All programs will include concentric, eccentric, isometric, and isotonic movements. Isometric contractions generate force without changing the length of the muscle. Isotonic contractions generate force by changing the length of the muscle and can be concentric contractions or eccentric contractions.
A concentric contraction causes muscles to shorten, thereby generating force.
Eccentric contractions cause muscles to elongate in response to a greater opposing force.
Studies suggest that the necessary intensity to increase strength for untrained individuals is 45-60% of their one repetition maximum. Progressively higher loads are required for moderately trained individuals and 80-8%5 of a one rep maximum is required for experienced lifters. Variable loading schemes (3-5), (8-10), (12-15) repetitions shows the best enhancement and progression for muscular strength when used in a periodization program.
Changing the number of exercises performed in a workout, varying the number of repetitions in a set and/or increasing the number of sets per exercise can alter training volume. Untrained individuals will see the same strength gains from one set, as they will multiple sets. Trained individuals benefit most from 3-4 sets. Increasing sets after this amount can lead to overtraning and it is recommended that lifters increase intensity, or reduce time of rest if they don’t feel muscular exhaustion.
Exercise selection is important but starting with multiple joint exercises is beneficial to both novice, intermediate, and advanced lifters.
Dependent on the goal of the lifter. 2-3 minutes ensures a sufficient recovery of energy for the muscle to perform work again.
Muscle Action Velocity
Dependent on the goal of the lifter. A 2 second concentric, 4 second eccentric velocity of movement is recommended for untrained individuals. For intermediate and advanced lifters, it is recommended to use a variety of tempos.
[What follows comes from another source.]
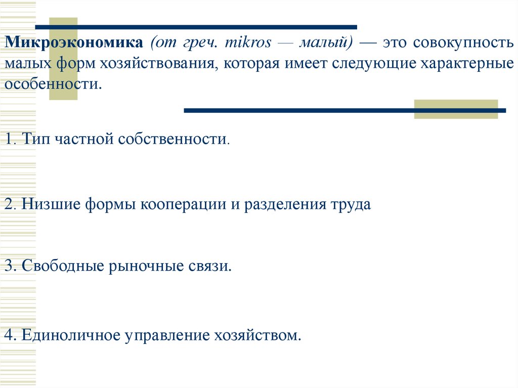 Микроэкономика (от греч. mikros — малый) — это совокупностьмалых форм хозяйствования, которая имеет следующие характерные

Frequency for untrained lifters should be 2-3 days a week exercising the major muscle groups (largest). Advanced lifters can create a program that is 6 days a week as long as 48-72 hours of rest is given between trained muscle groups.
Linear periodization is characterized by a high initial volume stimulus with a low intensity. As the model progresses, volume decreases and intensity concurrently increases.
Reverse linear periodization describes a program design with a high initial intensity with a low volume. As the model progresses, intensity decreases and volume concurrently increases. This model has shown consequential improvements in muscular endurance.
Nonlinear (or undulating) periodization involves variation of volume and intensity within a shorter time period (i.e., a week as opposed to several weeks). The use of light (12–15 RM), moderate (8-10 RM) and heavy (3–5 RM) loads can be systematically or randomly rotated. Nonlinear periodization has been shown to bring forth very positive muscular strength and endurance training outcomes.
Random-Order Undulating Periodization occurs when random intensity variables are used during each workout. It is a variation of the non-linear periodization.